I'm not sure mainstream still means the same thing he's talking about, but even in your example of "industrial production", I don't think it's that clear that that contradicts him. He seems to be just saying that whatever that means, it's not enough to fully describe software development. But perhaps competent engineers would end up doing so anyway — in fact, if they follow a similar set of ideas that they carry with them from project to project, they would then have a theory of other people's software that they didn't build themselves, just from being in the same environment.

On the other hand, he does directly say that under the TheoryBuildingView, when the theory of a program is lost, from people being replaced too much, it is really lost, and it is very expensive to reconstruct it. So it really depends on the details of how exactly that "component-based production" works out in practice.

[Note: maybe I misunderstood the paper or something, don't trust me.]

I don't know what happens in Google, Facebook etc. but one thing I know - there are not mainstream companies. They are just big and successful. Mainstream companies are rather all these small and medium IT firms that make Wordpress based sites (for example).

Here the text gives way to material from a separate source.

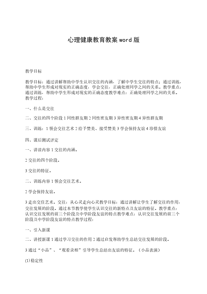 3走出交住艺术。交往:从心灵走向心灵教学目标:通过讲解让学生了解交往的作用,交往发展的阶段。通过本节教学使学生认识交往的新特点及友谊的特征。教学重点:认识交往发展的前三个阶段及中学阶段友谊的特点教学难点:认识交往发展的前三个阶段及中学阶段友谊的特点教学过程:

I think many IT firms nowadays have exactly this kind of approach: programmer has to deliver code according to specifications created by designers and stakeholders. Nobody cares what programmer knows and what theory programmer is building - the most important thing is to bring hot new features and to do it quickly.

Off course one can argue that "features", "stories" or "backlog" are needed from business point of view. Okay. But how to construct theory if there is no time for thinking?

This is from 1985. Things have certainly changed.
nothing changes. I read some time ago Dijkstra article from 1972(!) called "The Humble Programmer" and what he wrote describes perfectly programming in 2015 as well (maybe he had Time Machine? Who knows...).